▸ **DATA EXTRACTS**:

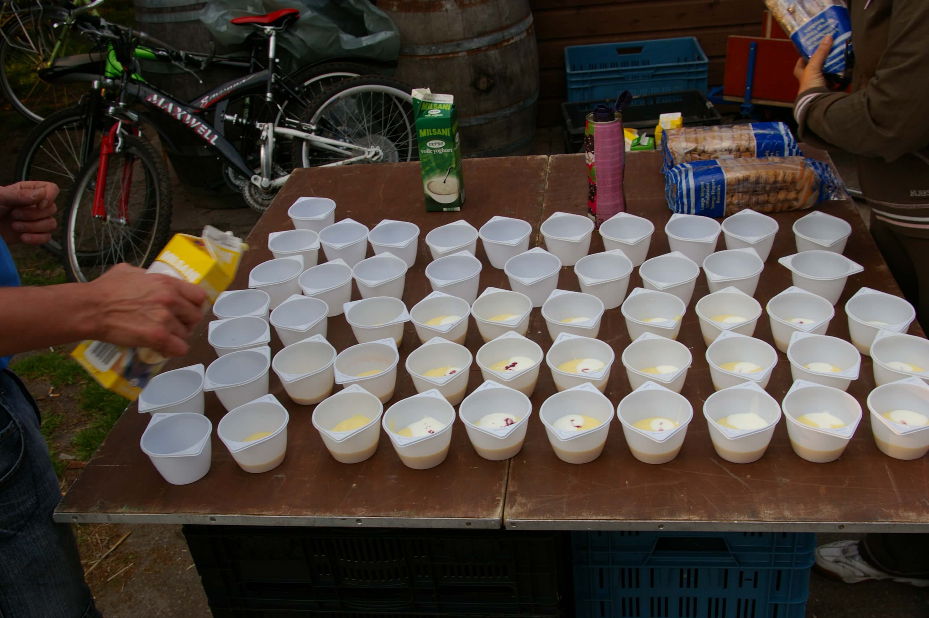 Gelukkig is er ook altijd wel ruimte over voor een toetje: vla en yoghurt met siroop of hagelslag!
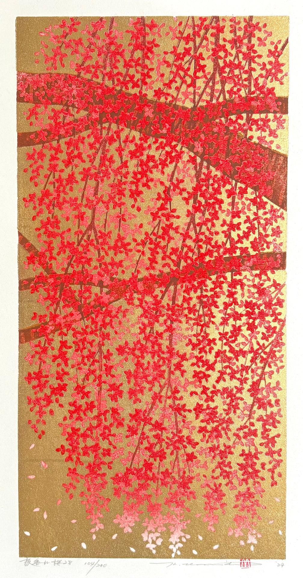 The lovely woodblock print “Shidare Zakura 28” (Weeping Cherry 28) is by Hajime Namiki. This exquisite piece captures the delicate and graceful weeping cherry tree in stunning detail. It is a limited edition of only 200 prints.
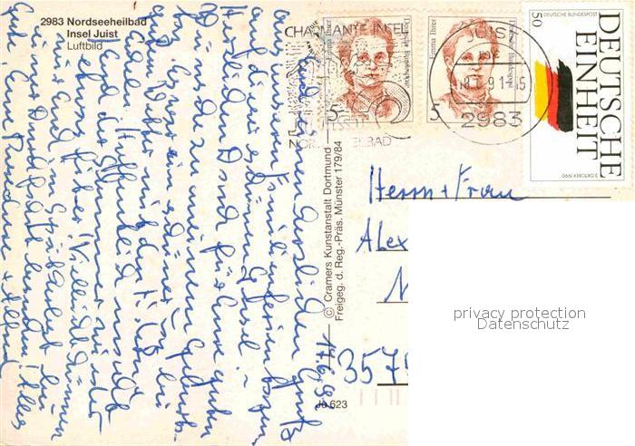 72856815 alte Postkarte Juist Nordseebad Fliegeraufnahme postalisch gelaufen Erhaltung siehe scans [AndreD76] KatCode: 11110003452013
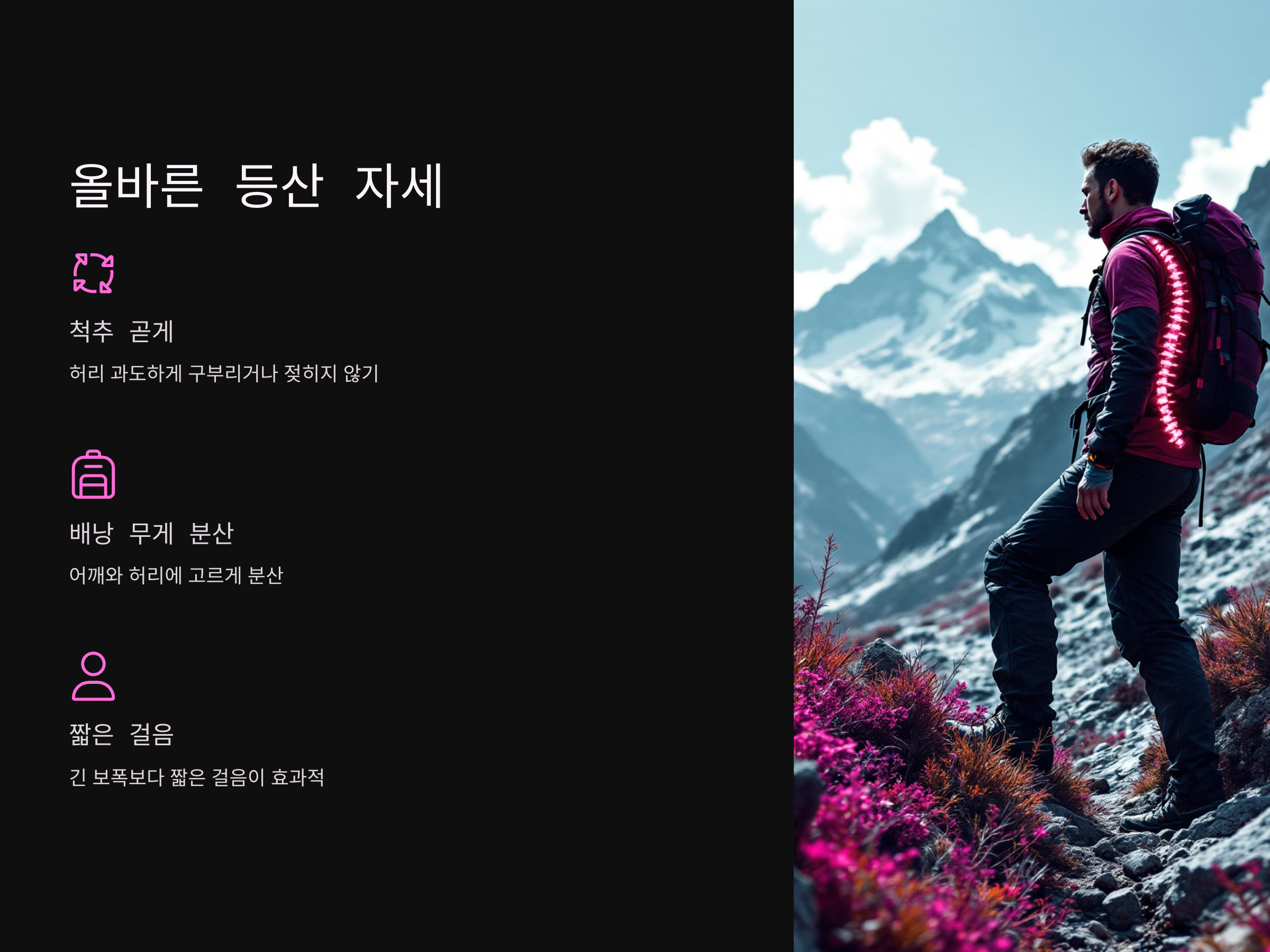등산 중 잘못된 자세는 허리 통증의 주된 원인 중 하나입니다. 아래의 방법을 통해 허리에 가해지는 부담을 최소화할 수 있습니다.
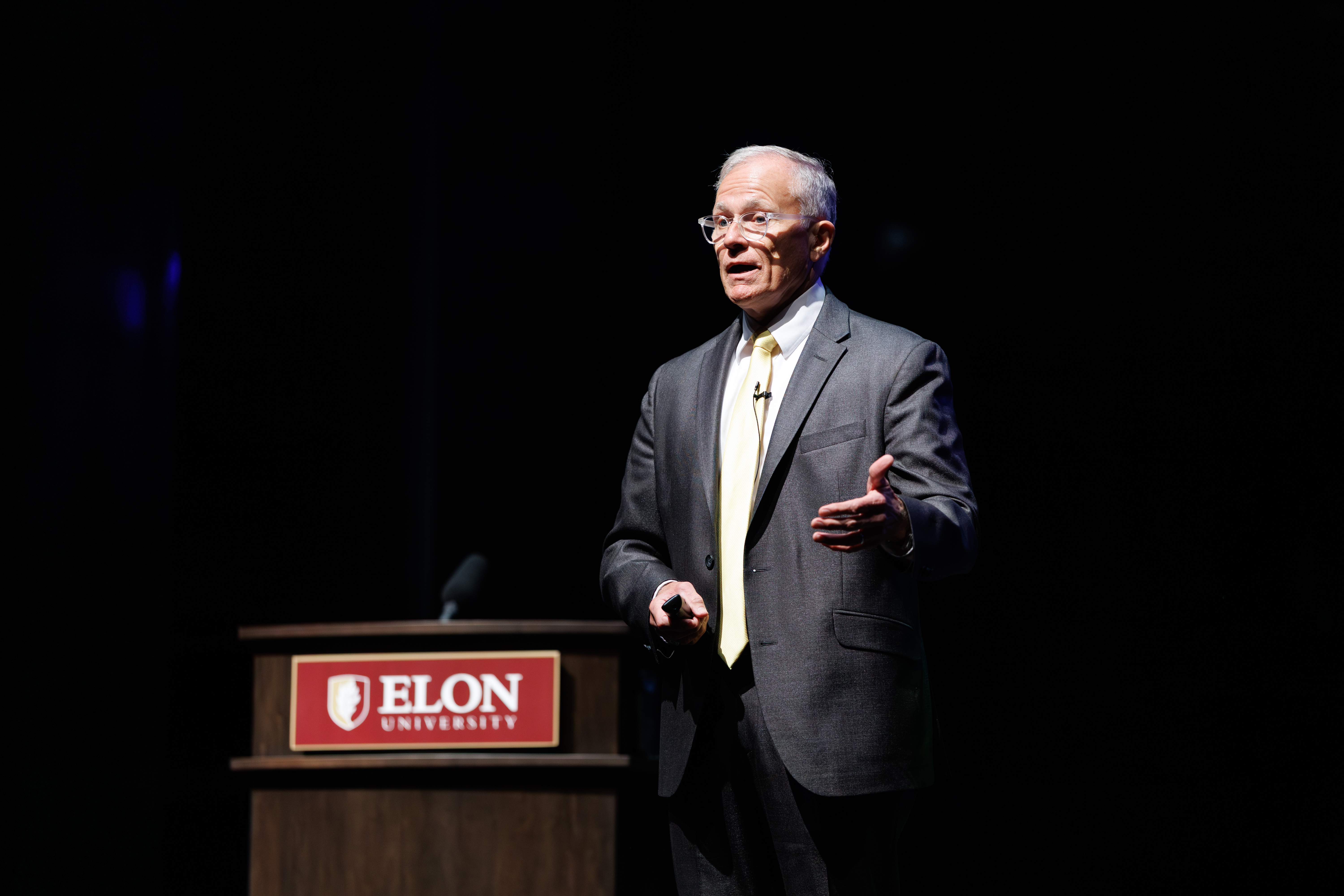 Retired Lt. Gen. Robert P. Ashley, Jr. urged Elon students, faculty, staff and visitors to pair gratitude for military service with clear-eyed engagement in a rapidly changing world during the Carol Ann Walker International Lectureship on Nov. 11, held in McCrary Theatre as part of the university’s Veterans Day observance.

▸ **WHAT THE EXERCISE ASKS**:
Output every entry verbatim but skip the pictures.

▸ **EXERCISE SOLUTION**:
 Gelukkig is er ook altijd wel ruimte over voor een toetje: vla en yoghurt met siroop of hagelslag!
 The lovely woodblock print “Shidare Zakura 28” (Weeping Cherry 28) is by Hajime Namiki. This exquisite piece captures the delicate and graceful weeping cherry tree in stunning detail. It is a limited edition of only 200 prints.
 72856815 alte Postkarte Juist Nordseebad Fliegeraufnahme postalisch gelaufen Erhaltung siehe scans [AndreD76] KatCode: 11110003452013
등산 중 잘못된 자세는 허리 통증의 주된 원인 중 하나입니다. 아래의 방법을 통해 허리에 가해지는 부담을 최소화할 수 있습니다.
 Retired Lt. Gen. Robert P. Ashley, Jr. urged Elon students, faculty, staff and visitors to pair gratitude for military service with clear-eyed engagement in a rapidly changing world during the Carol Ann Walker International Lectureship on Nov. 11, held in McCrary Theatre as part of the university’s Veterans Day observance.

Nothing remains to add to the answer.